There are many possible reasons why HF hospitalizations decreased during the study period. Successful telemedicine implementation potentially maintained outpatient care for HF patients. ²¹ We observed an increase in telehealth visits for CVD after the NC shelter‐in‐place order (data not shown), which was consistent with prior published analyses on outpatient CVD care at our own institution. ²³ Providers may also have managed worsening HF symptoms in same‐day access clinics or observation units to prevent hospital admissions. ²⁴ , ²⁵ Additionally, patients may have been more willing to increase oral diuretics than in the past, or they may have had fewer acute exacerbations resulting from improved dietary influences on fluid retention due to restaurant closures. Alternatively, newly‐developed or acute on chronic HF that otherwise would have been hospitalized during March and April 2020 may have resulted in out‐of‐hospital deaths or presented to other regional hospital systems. Further research incorporating forthcoming statewide mortality data may better define the interplay between behavioral factors and access to healthcare during this time.

We identify several limitations in the present study. First, this was a retrospective, descriptive analysis and was unable to systematically evaluate the effect of covariates on admission metrics and illness severity markers during the study periods. Second, our results cannot directly evaluate for causation between any of the factors associated with the COVID‐19 pandemic and our observations among admission characteristics. Third, among the illness severity markers, there were only 63–66% available TTEs for all HF admissions, which limited our ability to describe LVEF and LV mass for the whole cohort.
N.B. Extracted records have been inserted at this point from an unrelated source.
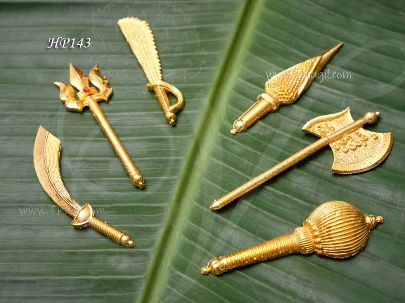 Gold polish weapons for all Hindu Gods alangaram. Used to decorate the statue of Deity.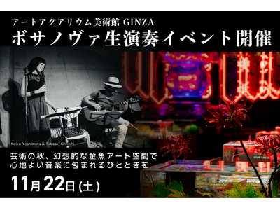 11月22日(土)1日限りの特別イベント開催 アートアクアリウム美術館 GINZA(所在地/東京都中央区銀座三越内)では、芸術の秋を彩る特別イベントとして、館内にてボサノヴァ音楽の生演奏をお楽...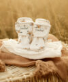 Capáčky mají hřejivou podšívku, která udržuje malé nožičky v teple. Snadno se nazouvají díky zapínání na suchý zip a patent. Všitá gumička kolem celého obvodu zajistí správné místo na nožičce a přesto netlačí. Fleecové capáčky šijeme ve čtyřech velikostech. Od novorozenců po batolata a jejich první krůčky. V capáčkách s moderním designem uděláte parádu nejen ve městě. Na výletě, v kočárku, nosítku nebo autosedačce oceníte především jejich funkčnost.

Since HF is a clinical diagnosis based on physical exam, laboratory values, and other imaging modalities, not all patients hospitalized for HF had TTE within the specified timeframe, and referred patients may have had TTE outside of the DUHS. Further, we occasionally relied on clinically available TTE data, from up to 1.5 years before hospitalization, which may not accurately reflect the current condition. Fourth, we used administrative ICD‐9/10 coding based on clinical‐driven primary CVD diagnoses which may not include all CVD patients. While patients improperly coded or misclassified may not have been captured, we used the same diagnostic criteria across all study periods, minimizing the impact of that limitation. Finally, illness with COVID‐19 that had resulted in acute CVD but was not coded for acute CVD were not captured (Figure 2).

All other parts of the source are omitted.